The sun rises behind the Tishrin oil field in the eastern Hasakah countryside, northeastern Syria (AP)
The sun rises behind the Tishrin oil field in the eastern Hasakah countryside, northeastern Syria (AP)

Oil prices fell 1% on Monday as immediate fears of a conflict in the Middle East eased after the US and Iran pledged to continue talks about Tehran's nuclear program over the weekend, calming investors anxious about supply disruptions.

Brent crude futures fell 67 cents, or 1%, to $67.38 a barrel on Monday by 0444 GMT, while US West Texas Intermediate crude was at $62.94 a barrel, down 61 cents, or 1%.

"With more talks on the horizon the immediate ‌fear of supply disruptions ‌in the Middle East has eased ‌quite ⁠a bit," IG ‌market analyst Tony Sycamore said.

Iran and the US pledged to continue the indirect nuclear talks following what both sides described as positive discussions on Friday in Oman despite differences. That allayed fears that failure to reach a deal might nudge the Middle East closer to war, as the US has positioned more military forces in the area.

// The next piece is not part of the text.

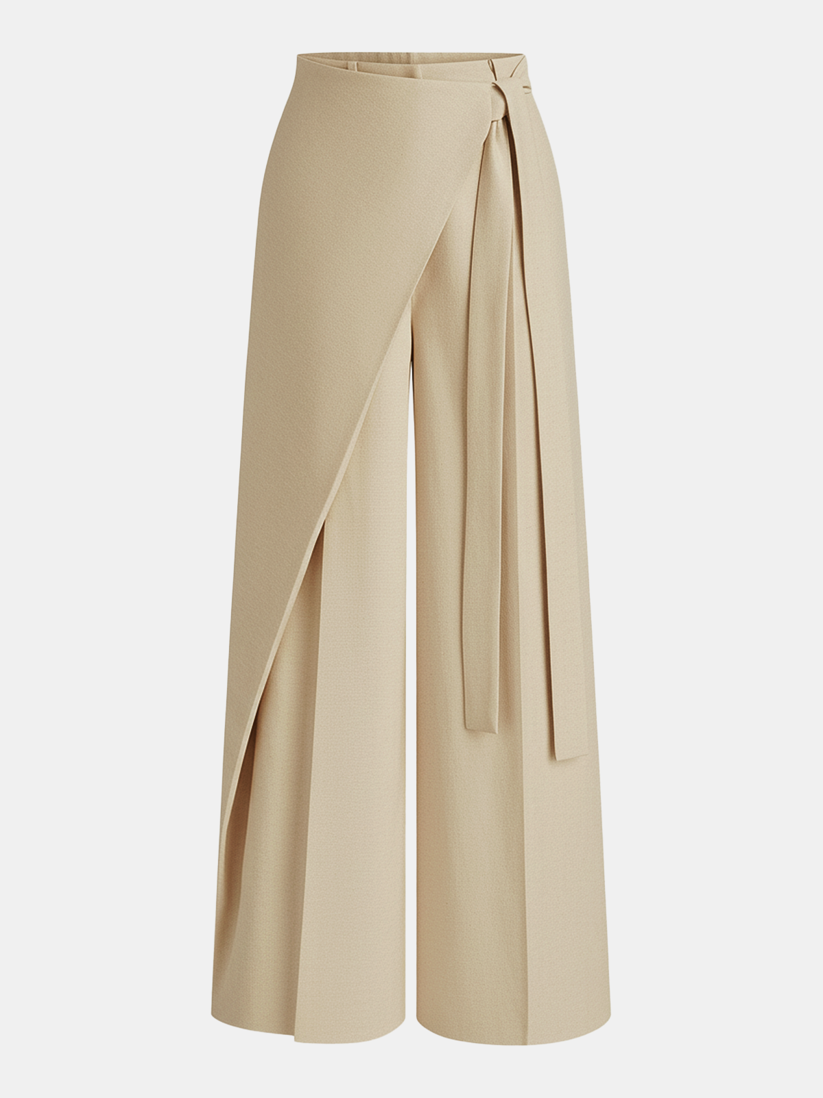 Puddle Hem Asymmetric Wrap Wide-Leg Pants

Investors are also worried about possible disruptions to supply ⁠from Iran and other regional producers as exports equal to about a fifth of the world's ‌total oil consumption pass through the Strait of ‍Hormuz between Oman and Iran.

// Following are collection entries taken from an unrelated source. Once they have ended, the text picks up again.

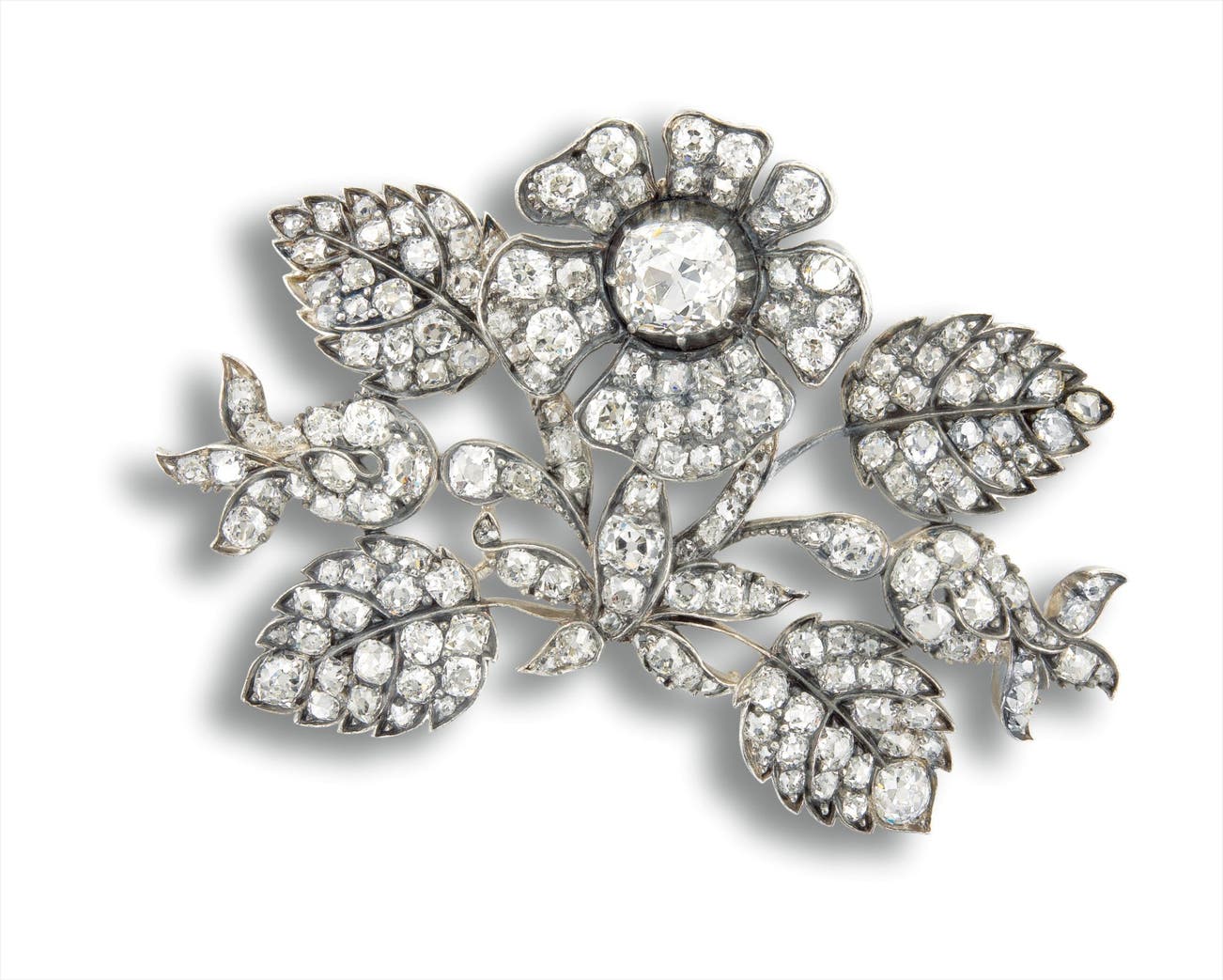 One old cushion-cut diamond, approximately 1.30 caratsOther old-cut diamonds totaling approximately 6.00 caratsSilver-topped 18 karat yellow gold<em>Pin fitting later added</em>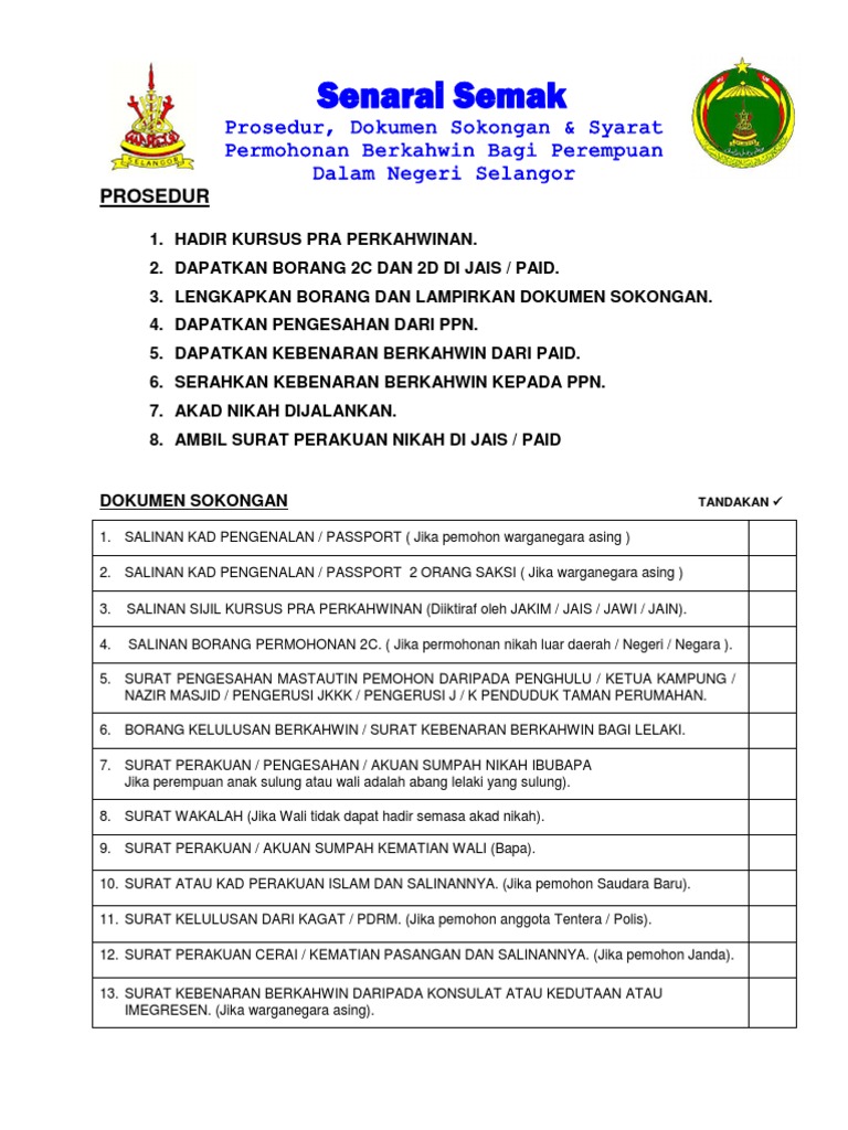 Senarai Semak Permohonan Berkahwin Ncr Jais Gov My Images Senaraisemakperm Senarai Semak Permohonan Berkahwin Negeri Selangor Perempuan Prosedur 1 Hadir Kursus Pra Perkahwinan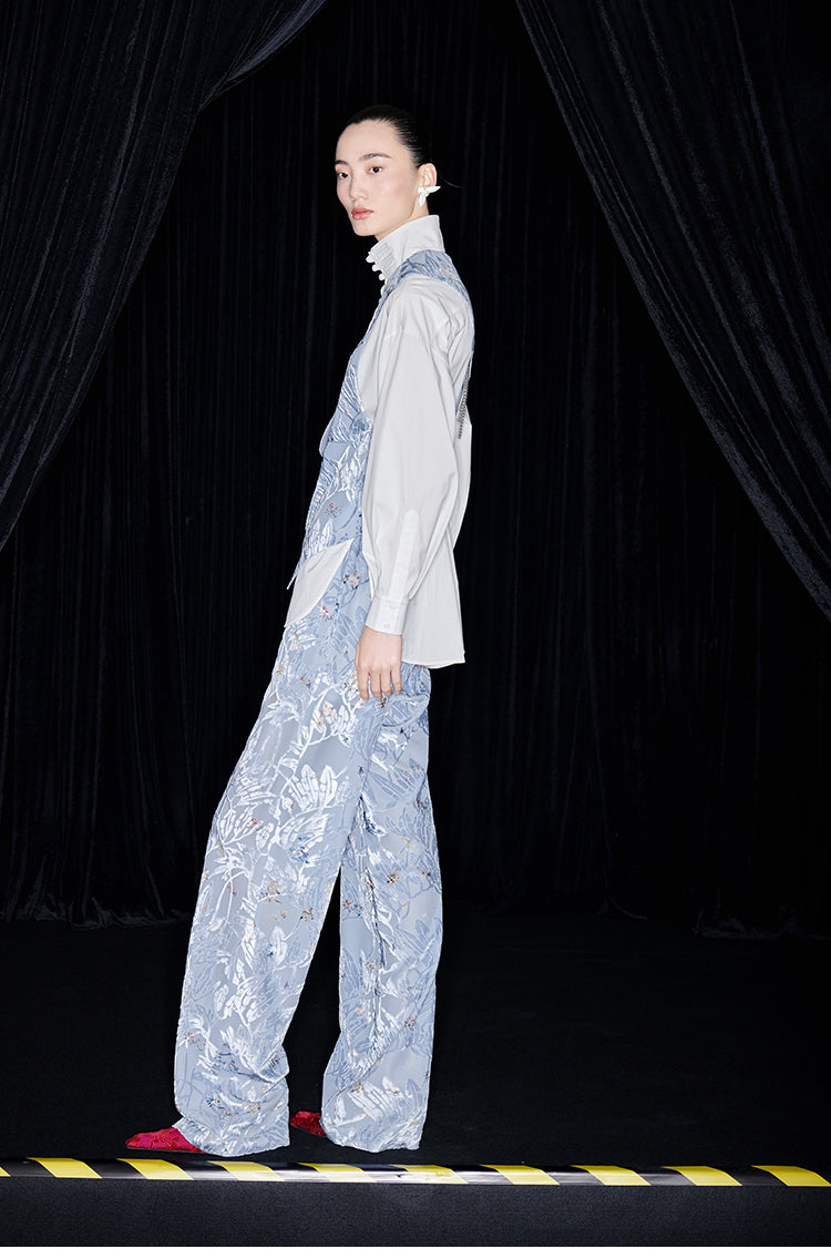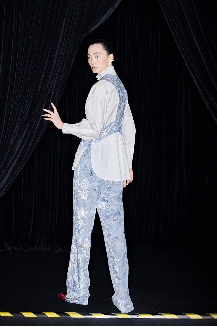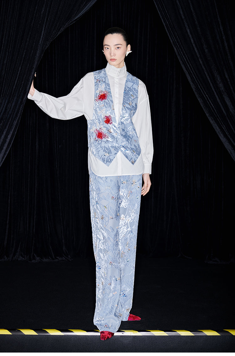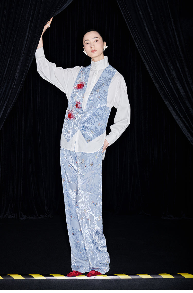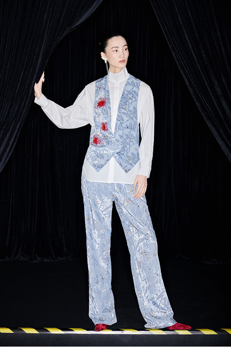 Stay stylish and elegant this summer with the M essential Mackay designer brand Haruyama embroidered eight treasures sedum vest. This chic blue vest comes with a matching pair of pants, and a long sleeve stand up collar white shirt for a fashionable look. Perfect for any event, stay cool and chic with this must-have piece.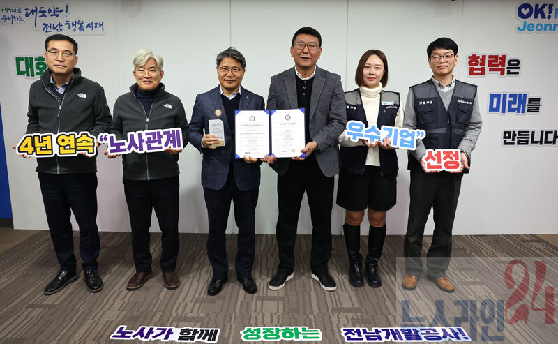 전남개발공사(사장 장충모)는 한국경영인증원(KMR)으로부터 4년 연속 노사관계우수기업 인증을 획득했다고 29일 밝혔다.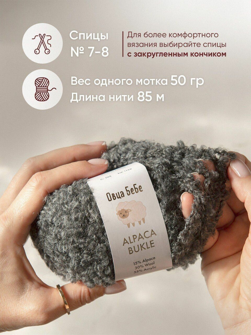 Пряжа для вязания Буклированная Alpaca Bukle, цвет графитовый серый (набор из 2шт) информация:

Both ‍benchmarks fell more than 2% last week on the easing tensions, their ‍first decline in seven weeks.

However, Iran's foreign minister said on Saturday Tehran will strike US bases in the Middle East if it is attacked by US forces, showing the threat of conflict is still alive.

"Volatility remains elevated as conflicting rhetoric persists. Any negative headlines could quickly reignite risk premiums in oil prices this week," said Priyanka Sachdeva, senior market analyst at ⁠Phillip Nova.

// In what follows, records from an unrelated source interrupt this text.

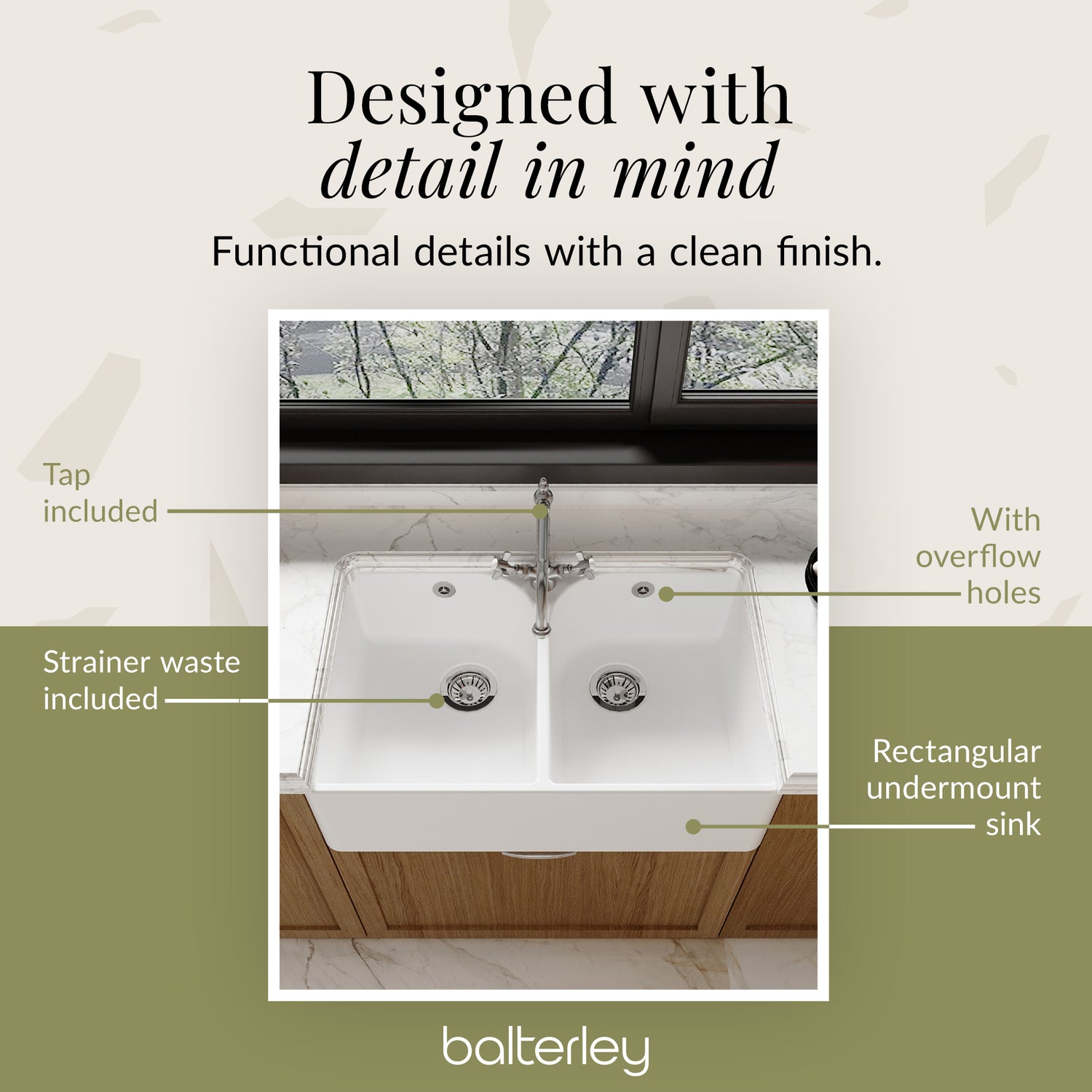 This 795mm Double Bowl Fireclay Butler Kitchen Sink Bundle by Balterley is a true statement of style and function. Handcrafted by Master Potters using time-honoured techniques, the sink features a full flush weir, two overflows, and a single tap hole, all finished in a pristine, non-porous white glaze that resists stains and is easy to clean. The set is completed with a French-inspired Chrome mono tap with crosshead handles and brass internals, paired with a matching Chrome basket strainer waste—bringing together elegance, durability, and effortless coordination.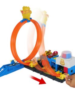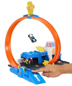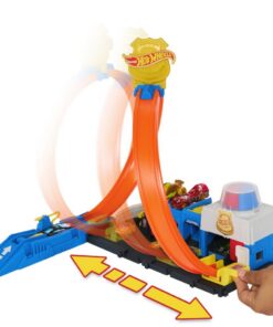 Rijd de meegeleverde 1:64 schaal gegoten speelgoedpolitieauto in de lanceerder waar een flexibele slang is om te tanken voordat je in actie komt. Schuif de lusbaan naar een van de vier paden, elk met een andere stunt of uitkomst. Parkeer maximaal vier voertuigen op de set en bevestig andere banen en speelsets voor open einde spel. Eén auto is inbegrepen, extra voertuigen en banen worden apart verkocht. Kleuren en decoraties kunnen variëren. Geschikt voor kinderen vanaf 4 jaar.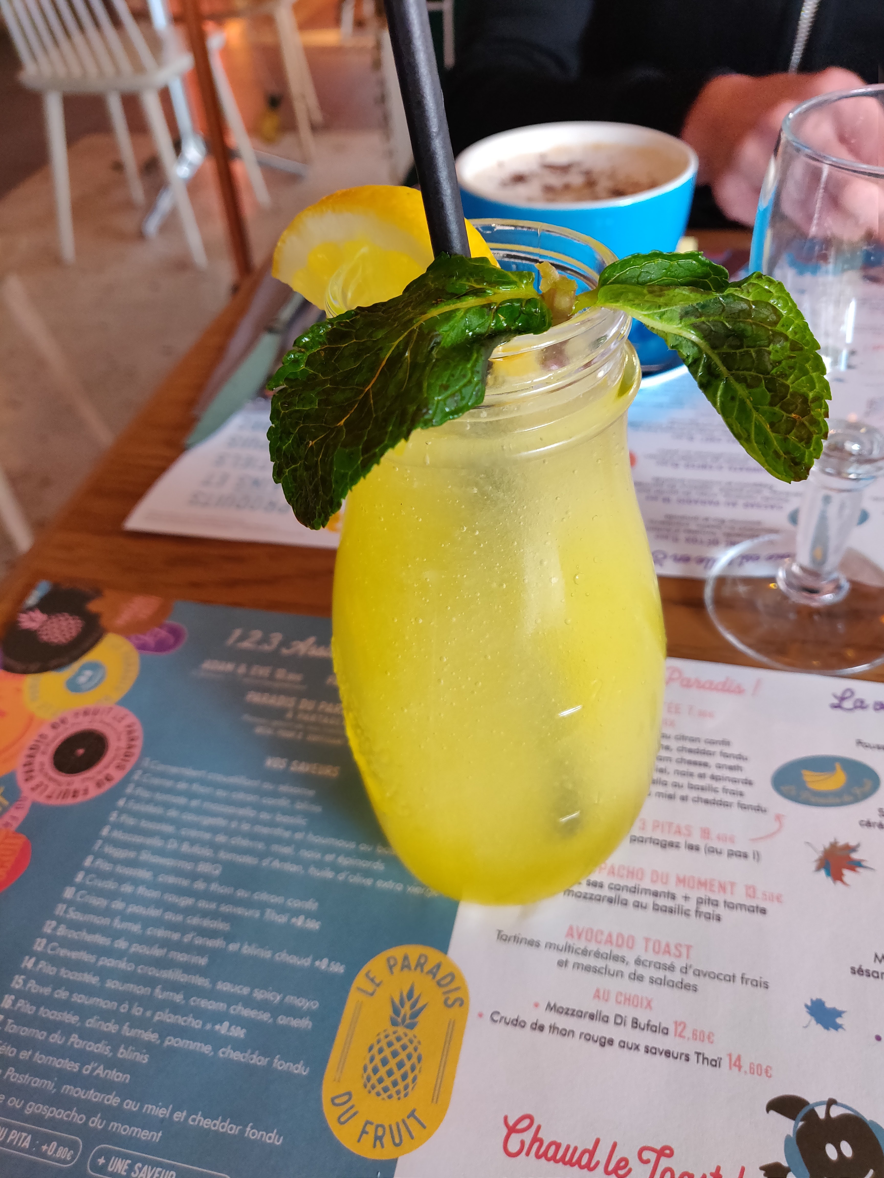 J'ai passé un très bon moment ce midi au Paradis du fruit. C'était ma première fois au centre-ville de Nantes et Je voulais juste prendre un café dans ce restaurant mais j'ai finalement fini par manger un plat si délicieux recommandé par ce garçon extraordinaire et très très malin qui s'appelle Fino (alors ce jeune homme m'a régalé avec ses petits blagues à la con 😂, j'arrêtais pas de rigoler quand je croisais son regard)fin bref, mais j'ai vraiment adoré ce que j'ai mangé, l'ambiance, et surtout cet équipe des jeunes qui font de ce restaurant un endroit agréable et convivial. Je recommande fortement et je reviendrais, ce sûre.

Investors are also continuing to grapple with efforts to curb Russian income from its oil exports for its war in Ukraine. The European Commission on Friday proposed a sweeping ban on any services that support Russia's seaborne crude oil exports.

Refiners in India, once the biggest buyer of Russia's seaborne crude, are avoiding purchases for delivery in April and are expected to stay away from such trades for longer, refining and trade sources said, which could help New Delhi seal a trade pact with Washington.

"Oil markets will remain sensitive to how broadly this pivot away from Russian crude unfolds, whether ‌India’s reduced purchases persist beyond April, and how quickly alternative flows can be brought online," Sachdeva said.